The predictors of unhealthy drinking in the final model are biologically plausible and supported by the literature. Age, sex, smoking, and unhealthy drinking have been shown to be strongly correlated.[1,50] Alcohol use is associated with increased levels of high-density lipoprotein, reportedly through an increased transport rate of apolipoproteins A-I and A-II.[34] Others have used mean corpuscular volume, hemoglobin, γ-glutamyl transpeptidase, albumin, and systolic blood pressure in prediction models for heavy drinking.[23–25] Despite race and ethnicity being associated with alcohol use, they were removed a priori due to common misclassification problems, especially in EHR data.[51] To create the most parsimonious model, the random forest algorithm removed potential predictors that have a minimal effect on performance.

Universal screening results in many low-risk patients being offered an unnecessary intervention that PCPs are already reluctant to provide,[16,18,19,33] This clinical prediction rule prioritizes specificity over sensitivity and identifies patients who are likely to truly be drinking at an unhealthy level. Therefore, the population appropriate for follow-up assessment is greatly reduced compared with universal screening, freeing up time and resources. The trade-off is that some patients with unhealthy drinking are incorrectly categorized as low risk, missing an opportunity to intervene. If the setting warrants, the model can operate at a higher sensitivity, with correspondingly lower specificity.

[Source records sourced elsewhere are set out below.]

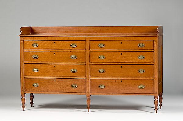 probably Indiana, ca 1815-1825, of cherry with pine and poplar secondary. A rare form with distinctive reeded edge top, and linen-fold, carved pilasters. The four pairs of adjacent scratch-beaded drawers have brass escutcheons and original brasses, the case rising on turned legs; 48" high x 79" wide x 20.5" wide.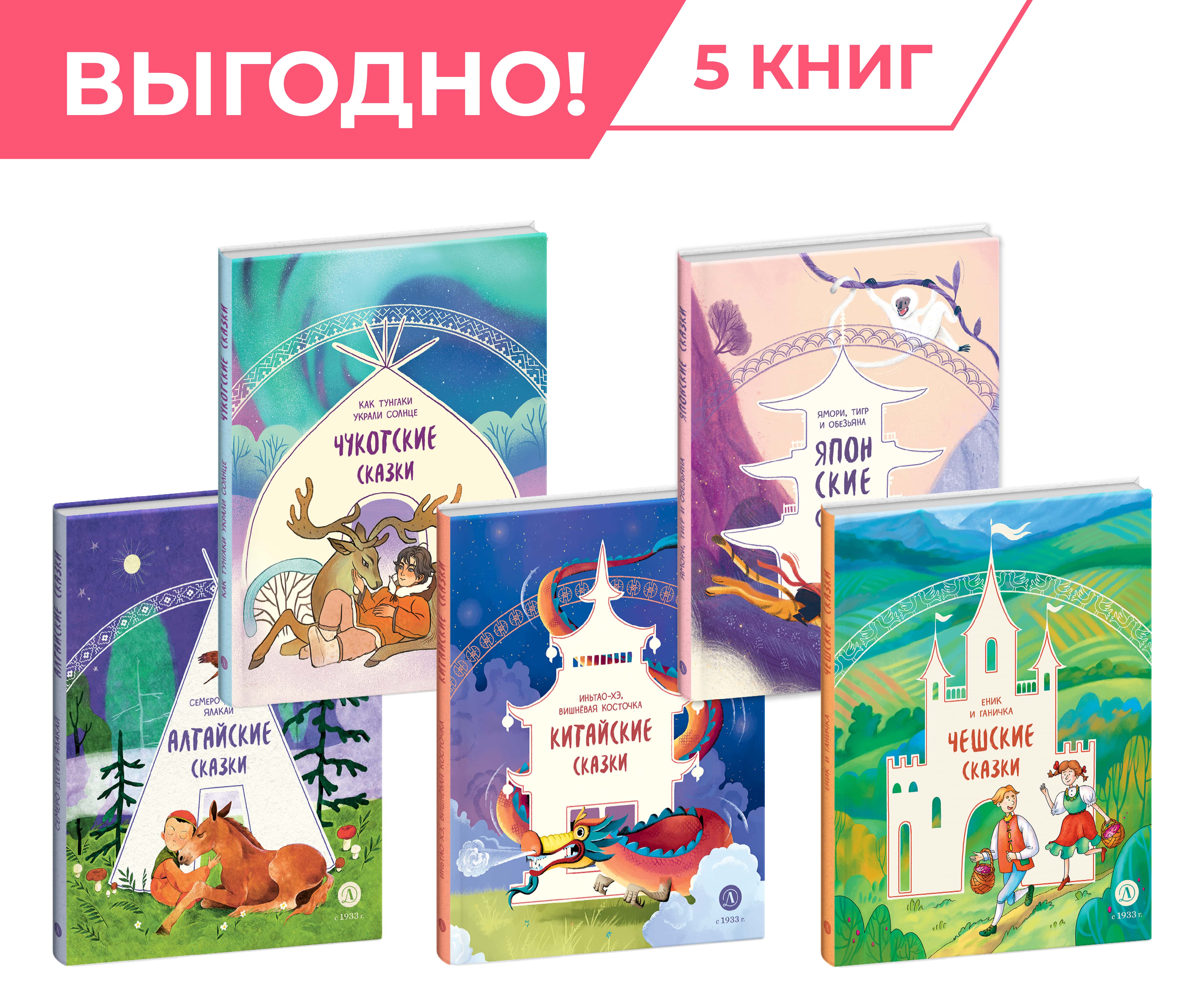 (6+) Сказки народов мира с красивыми иллюстрациями и удобного формата. В комплект входят 5 книг: "Алтайские сказки", "Китайские сказки", "Чешские сказки", "Чукотские сказки" и "Японские сказки".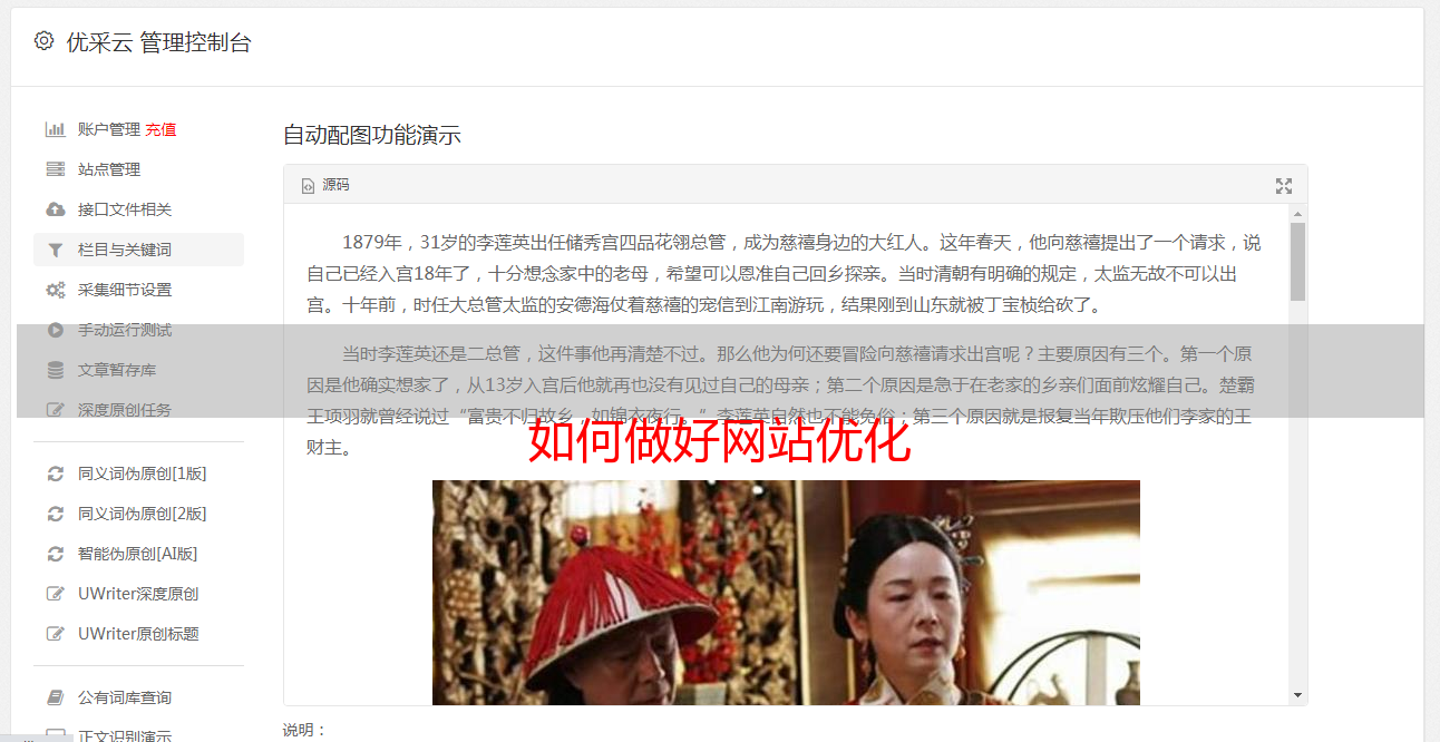 Guangzhou网站optimization网站architecture 分析,网站architecture 分析包括:消除网站architecture 不良设计,树状目录结构的实现,网站navigation 和链接优化。匹配搜索引擎爬虫偏好的Guangzhou网站optimization网站结构有利于SEO优化。 关键词Analysis,这是SEO优化的重要部分。 关键词analysis 包括:关键词attention 分析、竞争对手分析、关键词与网站related 分析、关键词Layout、关键词Rank 预测。内容发布和链接布局搜索引擎如定期网站内容更新,广州网站优化链接布局将整个网站有机连接起来,让搜索引擎了解每个页面和关键词的重要性。 网站目录和页面优化,SEO不仅仅是让网站home页面在搜索引擎中排名靠前,更重要的是让网站的每一页都带来流量。创建网站MapSiteMap,并根据自己的网站结构创建网站map。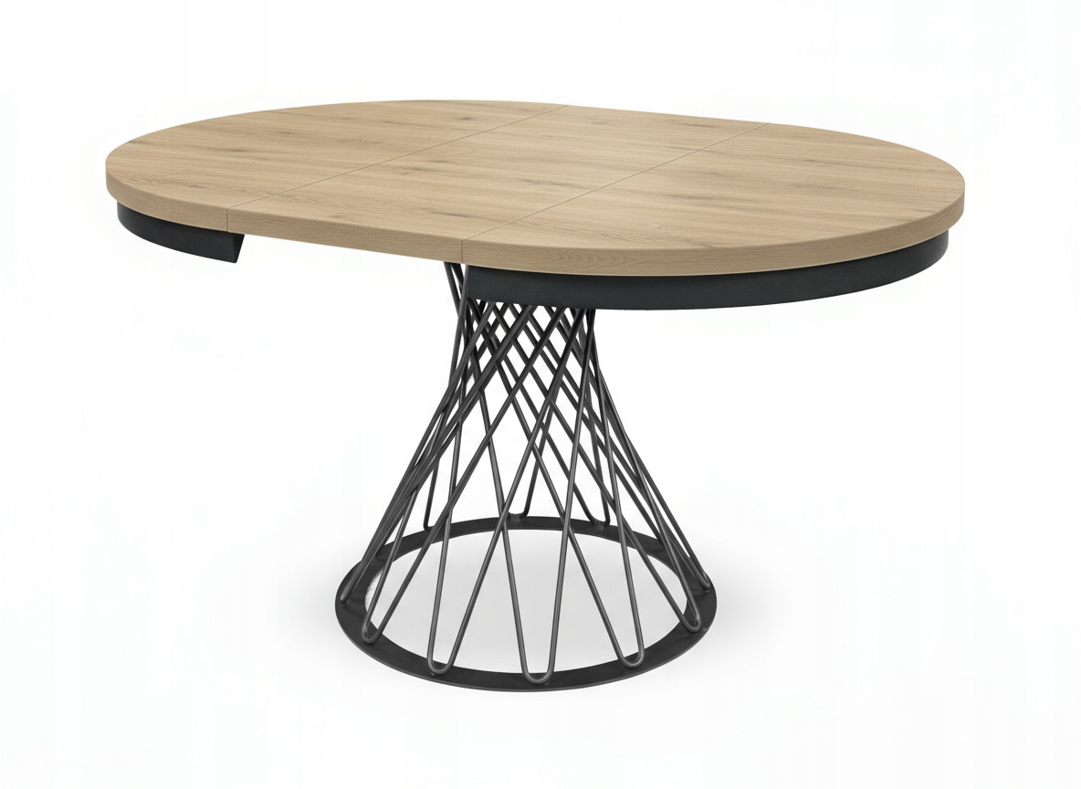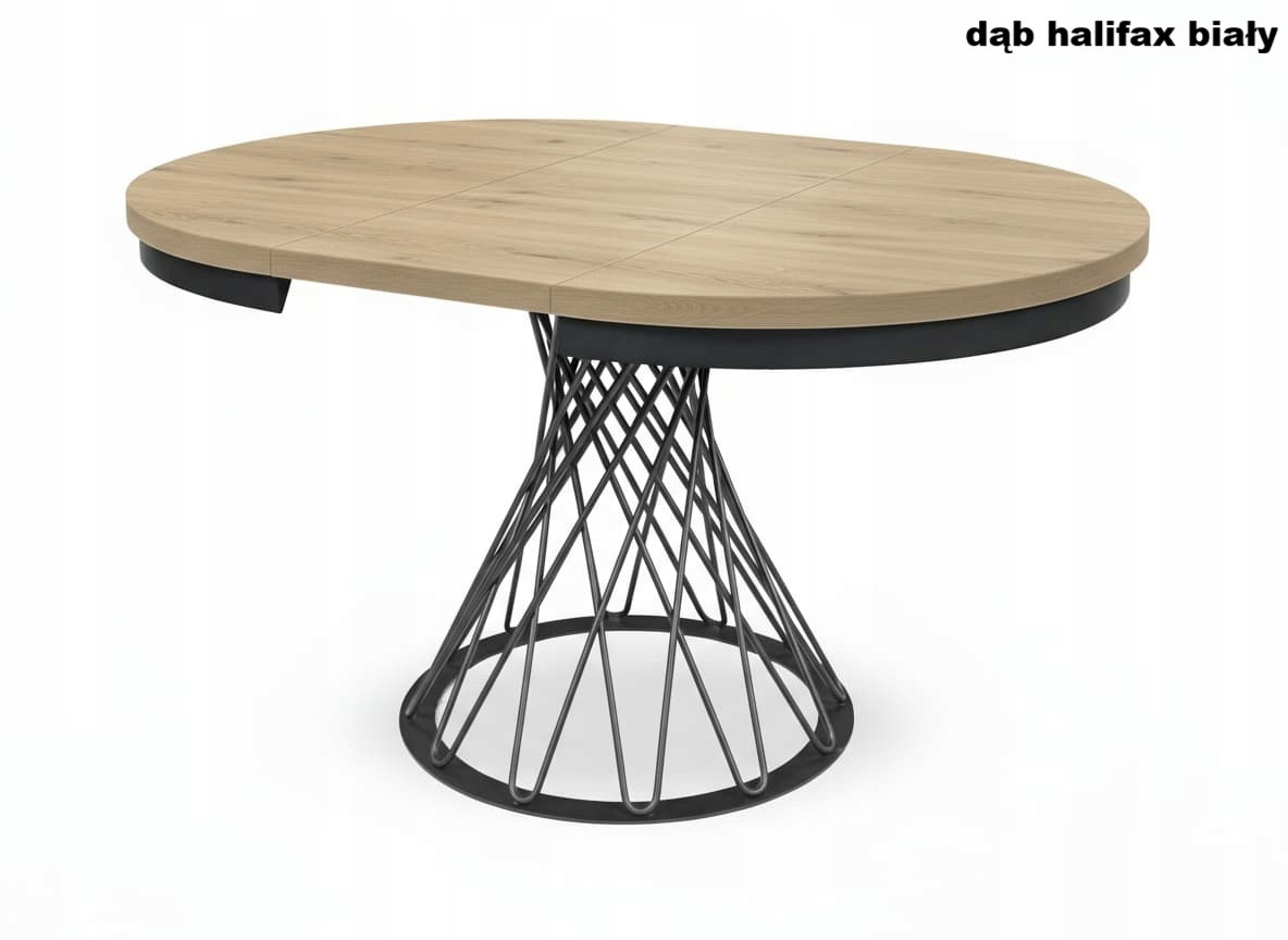 Stół loftowy rozkładany z metalowymi nogami plecionymi to połączenie solidności, funkcjonalności i ponadczasowego stylu industrialnego. Nowoczesny design i kontrastowe zestawienie czarnych metalowych nóg plecionych oraz stylowej metalowej obręczy z blatem w naturalnym odcieniu Dąb Halifax Biały sprawia, że stół doskonale wpisuje się w aranżacje loftowe, skandynawskie i minimalistyczne.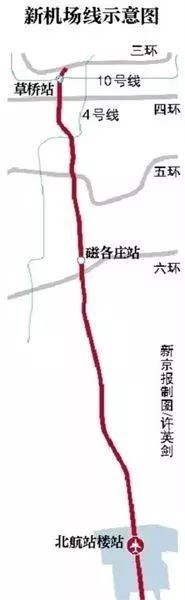 新機(jī)場(chǎng)線全長(zhǎng)39.05公里,共設(shè)3座車站:北航站樓站、磁各莊站、草橋站,全部為地下站。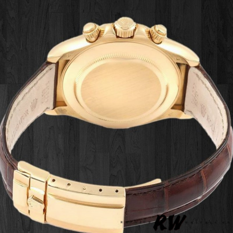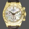 Rolex Daytona 116518 MOP Diamond Dial Brown Leather strap 40mm Mens Replica Watch. 40mm Yellow gold Case. Fixed Tachymeter Engraved Bezel. Scratch resistant sapphire crystal. Mother of pearl dial with diamond hour markers. Small seconds hand at 6 o’clock. Centre chronograph hand, 30-minute counter at 3 o’clock and 12-hour counter at 9 o’clock. Brown leather strap with yellow gold deployent buckle.which looks pretty stunning and high-end.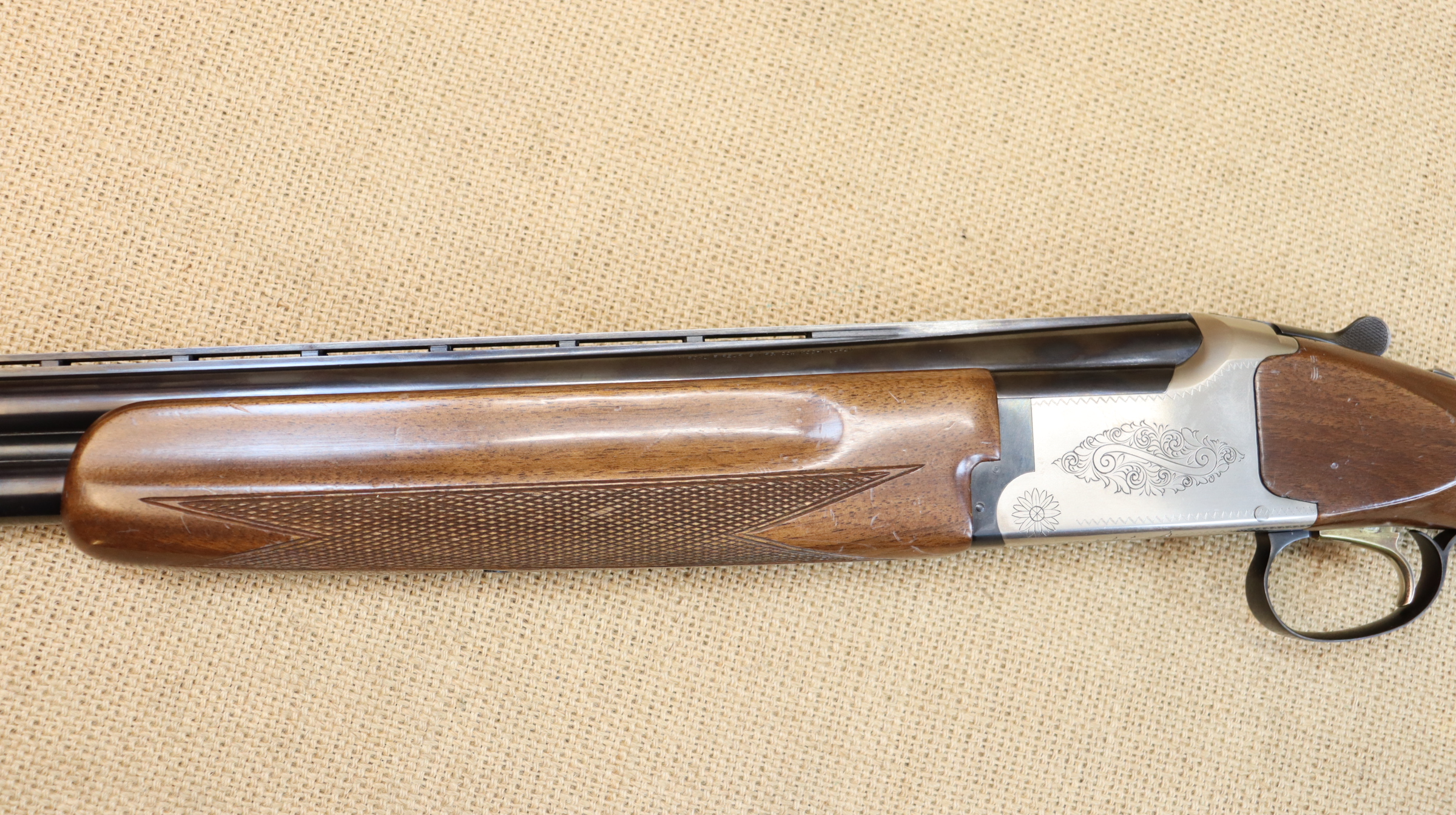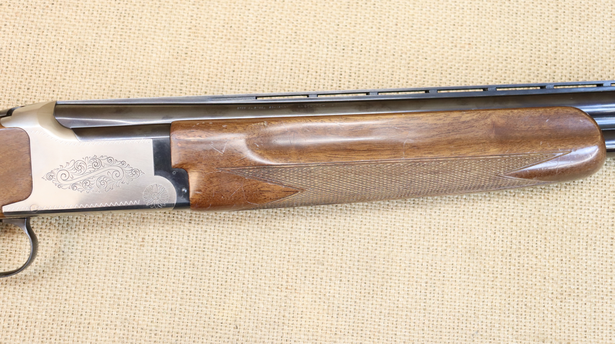 Die Flinte ist technisch einwandfrei, hat einen Ejektor und blanke Läufe. Die Brünierung hat leichte und der Schaft starke Gebrauchsspuren, mit vielen Kratzern und Macken. Lauflänge 71 cm, Schaftlänge 36,5 cm. Choke 1/1 u. 3/4 * / ** . Die Waffe wie abgebildet geliefert, ohne weiteres Zubehör. Die Versandkosten gelten nur für Deutschland, Auslandsversand bitte anfragen.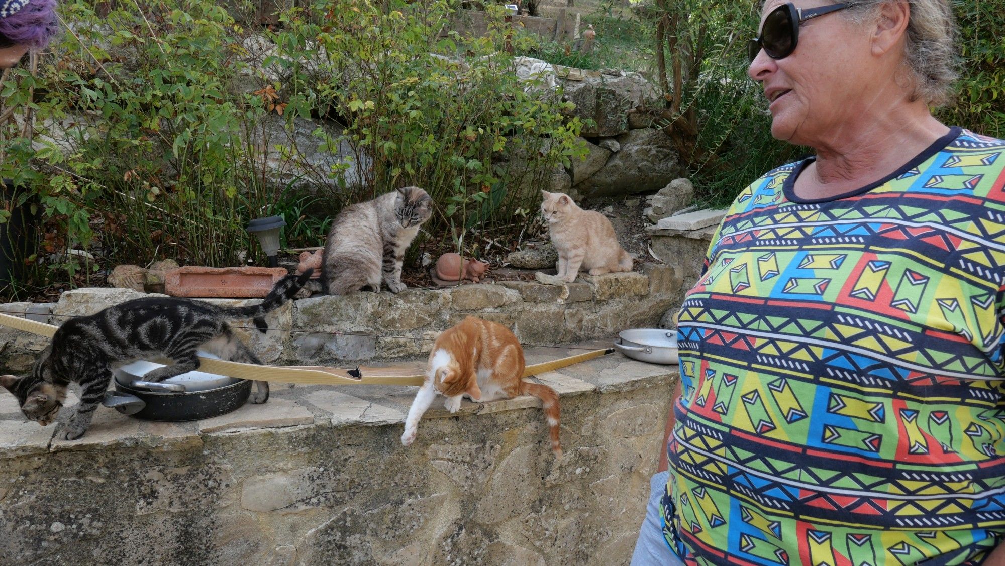 Nos recibieron Ulrike, Fabian (su hijo) y Sara. También nos recibieron su perro y sus diez gatos. Pronto supimos que Ulrike es la dueña del terreno y gestora del negocio principal de alojamiento y Fabian se encarga de mantener y gestionar la parte arquera. Los tres trabajan en la hacienda en varias facetas y, sin duda, es un trabajo constante para tener toda esa enorme propiedad operativa. Hay un campo de lavanda y olivos y frutales por buena parte de la finca.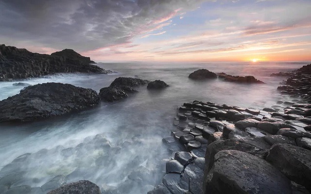 The place is called Giant's Causeway. It seems like land leading into the clouds or like a road to heaven. It is actually formed in the middle basaltic outpourings of the opening of the Atlantic Ocean. The hexagonal structures came from the slow cooling of the lava flows: as it cooled, it shrank, and just like hard dry soil, it formed hexagonal cracks. The finishing touch was given by erosion.

This study has limitations. First, the NHANES sample is meant to be representative of the general population of adults in the United States, which may be different from those seeking primary care. The study population undoubtedly included some adults who would not be subjects for screening because, for example, they had a previously diagnosed alcohol use disorder. Second, the NHANES data may not be representative of EHR data, which would be used in practice. EHRs are likely to have much more missing data. However, random forest models are robust to missing data. Third, NHANES questionnaires were administered in person, possibly introducing social desirability response bias.[52] Therefore, alcohol and tobacco use may be underreported compared with self-report articles or electronic questionnaires. Because smoking was an important predictor in the model and alcohol use is the outcome, inaccurate reporting could result in misclassification. Nonetheless, self-report is the typical method for assessing smoking status and alcohol use in health care settings. Fourth, the prediction rule is not very transparent. Notably, it offers no single estimate of the relationship between any predictor and the outcome analogous to the odds ratio from a regression. A single predictor may seem to be harmful in some subgroups of patients and protective in others. Finally, we believe that this analysis overestimates the performance of universal screening because it assumes that all patients would be screened. In fact, a relatively low fraction of primary care patients are routinely screened with a validated tool such as the AUDIT.[17]


Motivated by critical barriers facing PCPs in identifying unhealthy drinking, we describe an alternative approach to routine universal screening: a clinical prediction rule based on existing data. This method could reduce the burden on PCPs and allow them to focus their attention on those who need it most. The virtue of the clinical prediction rule is not that it is perfectly accurate but that it is fast, inexpensive, unobtrusive, and identifies a subset of patients at a higher risk of unhealthy drinking.